== Dataset extract ==
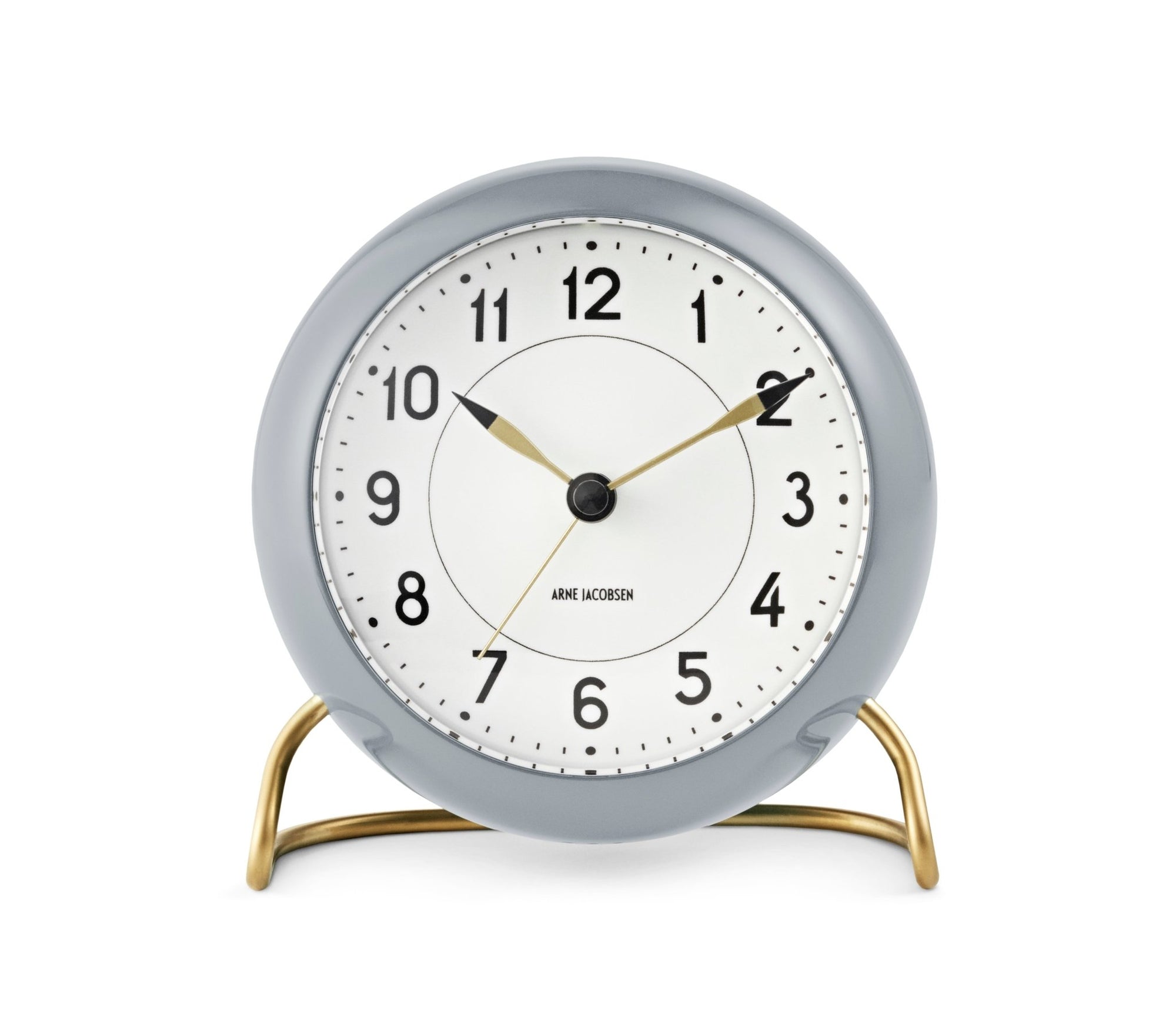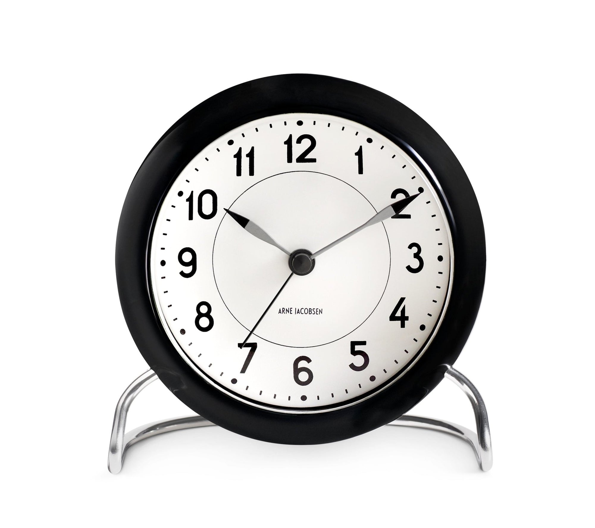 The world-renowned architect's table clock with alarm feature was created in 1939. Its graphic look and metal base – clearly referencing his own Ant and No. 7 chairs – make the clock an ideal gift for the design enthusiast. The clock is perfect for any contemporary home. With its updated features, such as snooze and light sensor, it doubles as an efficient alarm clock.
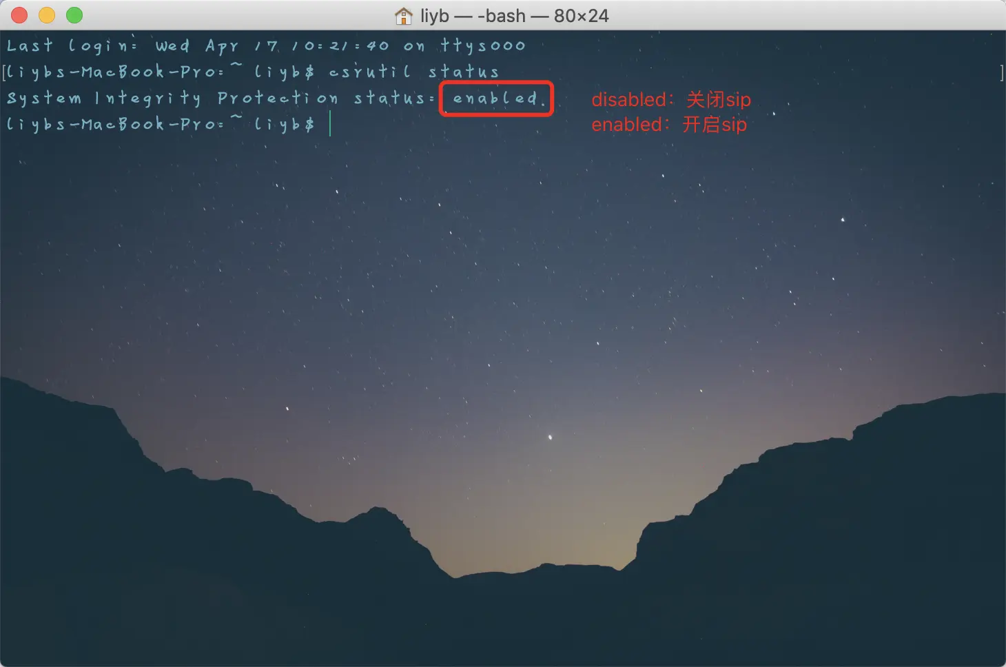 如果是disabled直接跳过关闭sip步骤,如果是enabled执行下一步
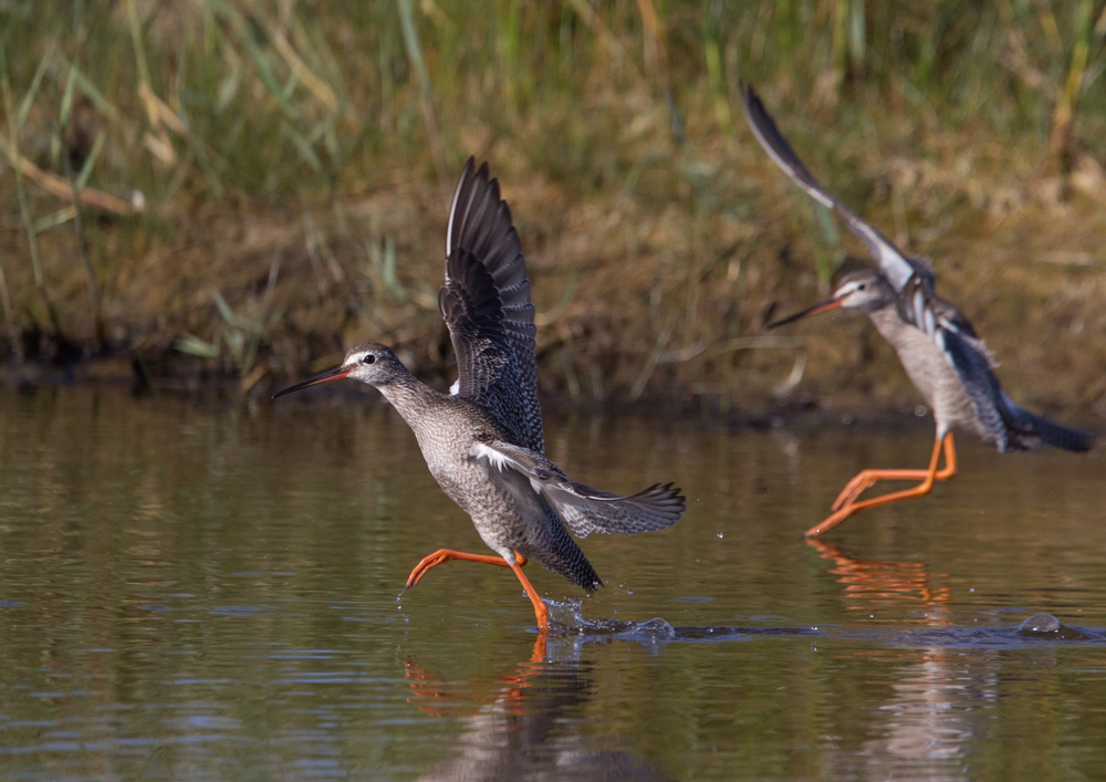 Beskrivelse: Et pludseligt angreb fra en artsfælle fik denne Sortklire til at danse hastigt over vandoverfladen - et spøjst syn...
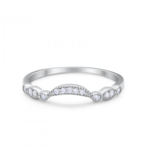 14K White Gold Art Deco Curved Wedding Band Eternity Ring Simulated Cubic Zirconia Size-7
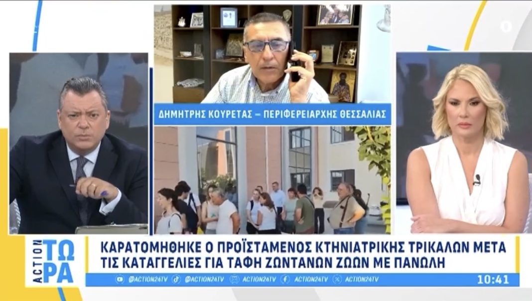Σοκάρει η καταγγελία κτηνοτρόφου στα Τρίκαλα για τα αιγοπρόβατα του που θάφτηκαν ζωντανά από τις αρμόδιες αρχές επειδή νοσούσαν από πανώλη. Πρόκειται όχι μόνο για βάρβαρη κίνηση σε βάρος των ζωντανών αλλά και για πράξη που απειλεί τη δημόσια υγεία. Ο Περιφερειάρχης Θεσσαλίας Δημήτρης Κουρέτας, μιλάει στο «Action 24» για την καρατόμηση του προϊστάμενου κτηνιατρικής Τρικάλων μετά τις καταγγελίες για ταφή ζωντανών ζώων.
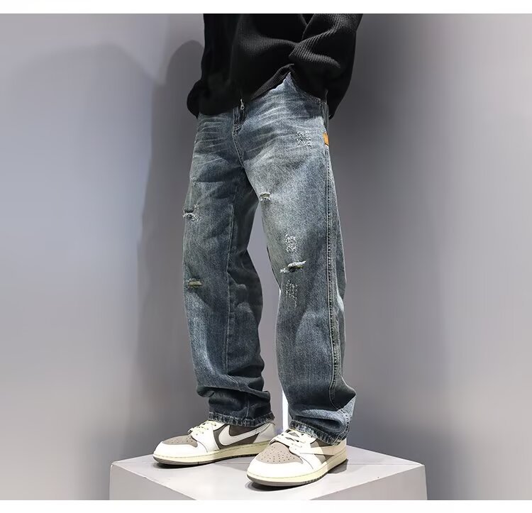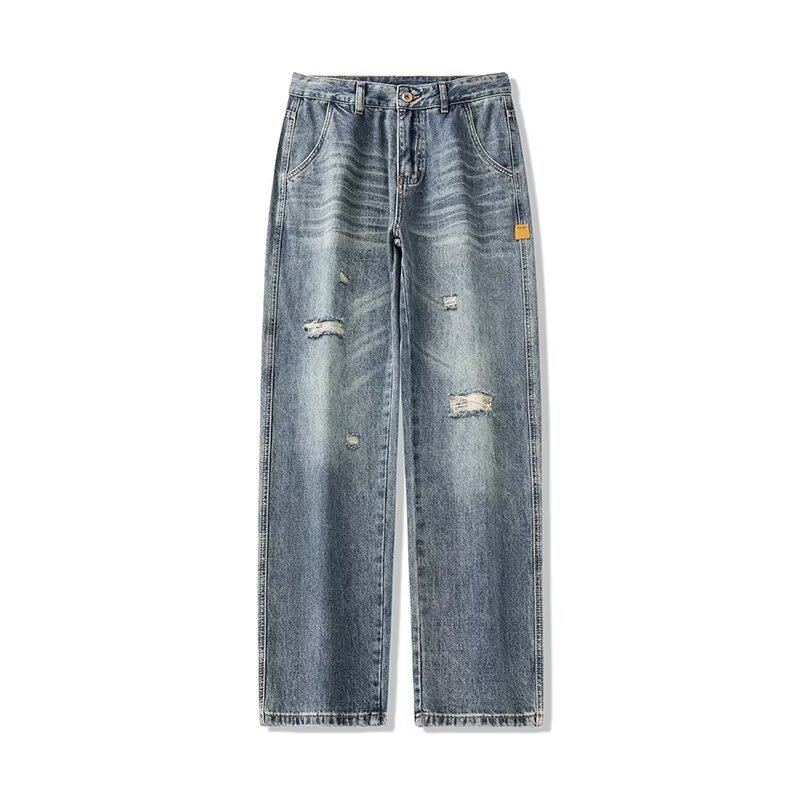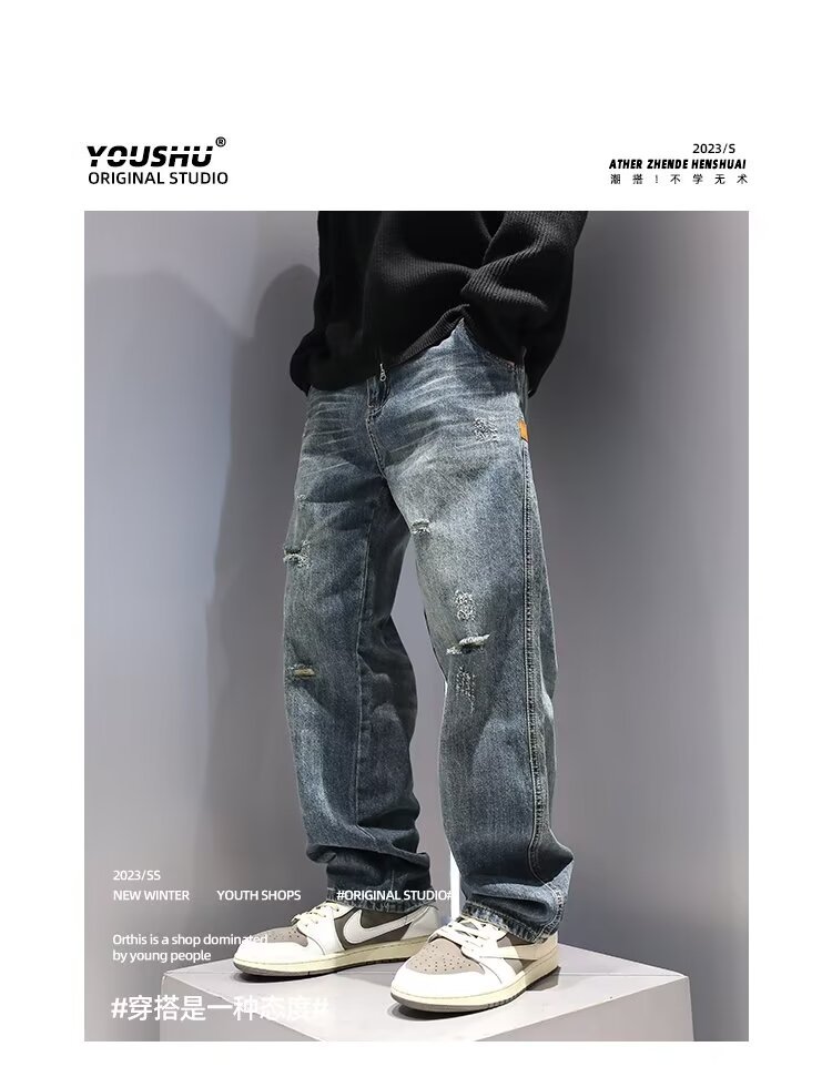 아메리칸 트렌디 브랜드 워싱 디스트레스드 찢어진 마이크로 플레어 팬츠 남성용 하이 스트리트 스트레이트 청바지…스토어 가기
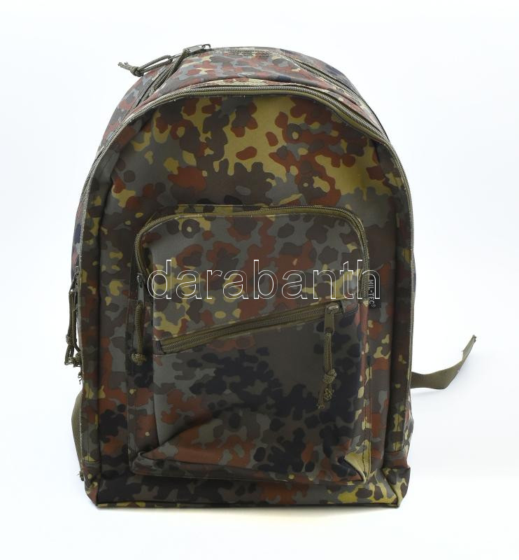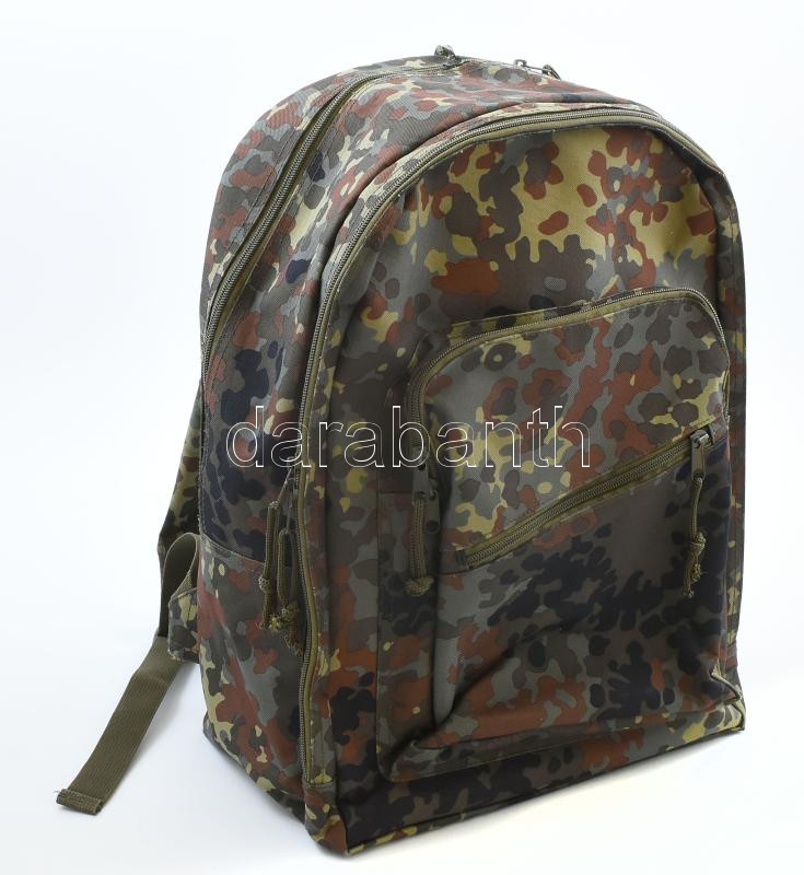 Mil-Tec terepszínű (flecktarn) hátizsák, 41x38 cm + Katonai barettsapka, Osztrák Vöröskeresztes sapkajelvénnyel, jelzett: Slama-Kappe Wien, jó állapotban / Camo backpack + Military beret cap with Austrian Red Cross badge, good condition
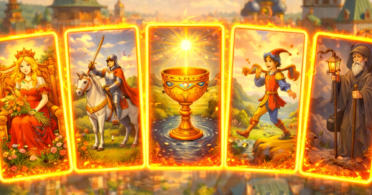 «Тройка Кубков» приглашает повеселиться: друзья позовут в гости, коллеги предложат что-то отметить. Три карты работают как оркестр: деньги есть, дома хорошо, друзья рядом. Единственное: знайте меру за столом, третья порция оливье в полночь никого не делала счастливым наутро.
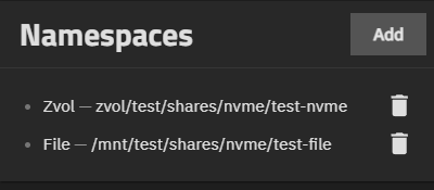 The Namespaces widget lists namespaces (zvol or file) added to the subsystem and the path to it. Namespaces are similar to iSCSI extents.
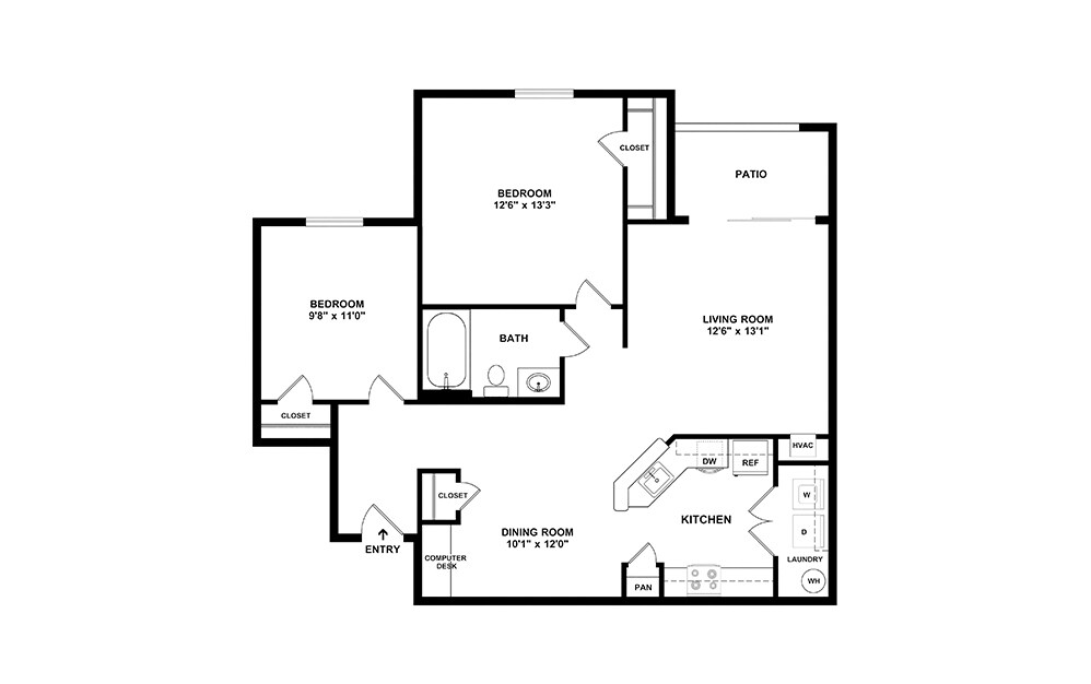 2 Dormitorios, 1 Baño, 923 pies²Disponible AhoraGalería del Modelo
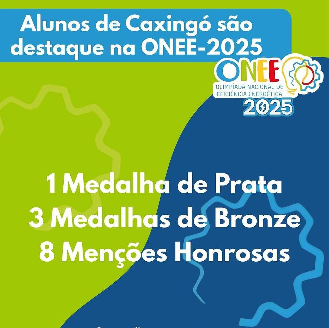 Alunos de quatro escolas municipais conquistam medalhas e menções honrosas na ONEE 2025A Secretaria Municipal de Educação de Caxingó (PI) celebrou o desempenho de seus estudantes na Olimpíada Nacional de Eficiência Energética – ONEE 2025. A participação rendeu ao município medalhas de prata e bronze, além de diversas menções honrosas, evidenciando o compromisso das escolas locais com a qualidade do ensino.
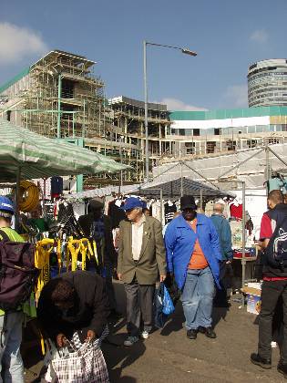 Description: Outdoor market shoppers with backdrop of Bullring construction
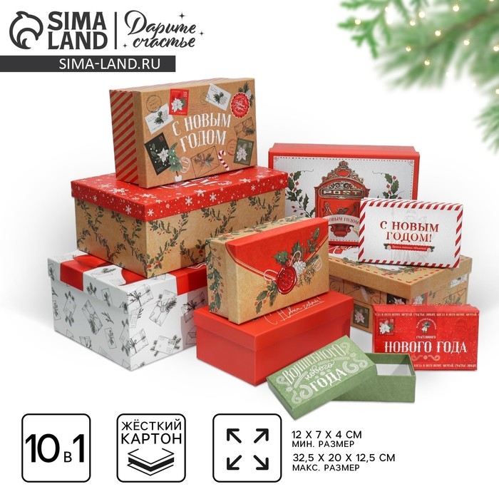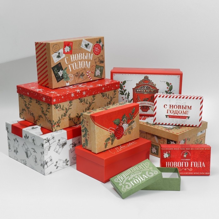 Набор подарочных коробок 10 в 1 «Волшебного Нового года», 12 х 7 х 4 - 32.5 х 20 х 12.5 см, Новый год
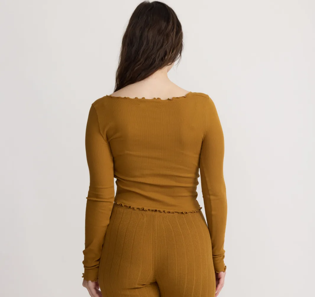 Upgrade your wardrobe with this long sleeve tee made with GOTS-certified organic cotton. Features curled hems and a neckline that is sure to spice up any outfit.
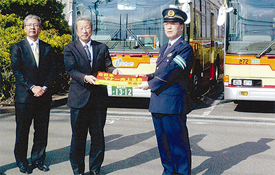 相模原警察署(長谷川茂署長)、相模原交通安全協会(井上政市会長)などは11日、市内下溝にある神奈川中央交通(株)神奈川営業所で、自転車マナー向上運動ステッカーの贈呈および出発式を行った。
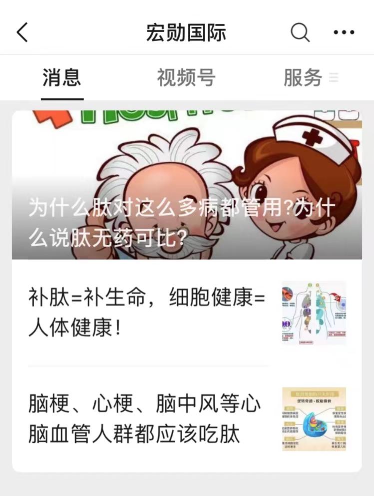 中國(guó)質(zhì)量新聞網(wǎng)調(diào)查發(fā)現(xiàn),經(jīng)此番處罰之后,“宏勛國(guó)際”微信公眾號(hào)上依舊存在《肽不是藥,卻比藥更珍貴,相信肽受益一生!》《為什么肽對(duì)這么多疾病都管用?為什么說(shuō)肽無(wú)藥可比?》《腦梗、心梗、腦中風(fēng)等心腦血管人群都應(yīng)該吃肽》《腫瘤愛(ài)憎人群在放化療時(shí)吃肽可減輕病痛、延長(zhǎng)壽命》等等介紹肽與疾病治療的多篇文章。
===
Required work ▸
Starting at the first line of the material, output exactly the lines up to and including the one with "Beskrivelse: Et pludseligt". Do not include the pictures.

Solution ▸
 The world-renowned architect's table clock with alarm feature was created in 1939. Its graphic look and metal base – clearly referencing his own Ant and No. 7 chairs – make the clock an ideal gift for the design enthusiast. The clock is perfect for any contemporary home. With its updated features, such as snooze and light sensor, it doubles as an efficient alarm clock.
 如果是disabled直接跳过关闭sip步骤,如果是enabled执行下一步
 Beskrivelse: Et pludseligt angreb fra en artsfælle fik denne Sortklire til at danse hastigt over vandoverfladen - et spøjst syn...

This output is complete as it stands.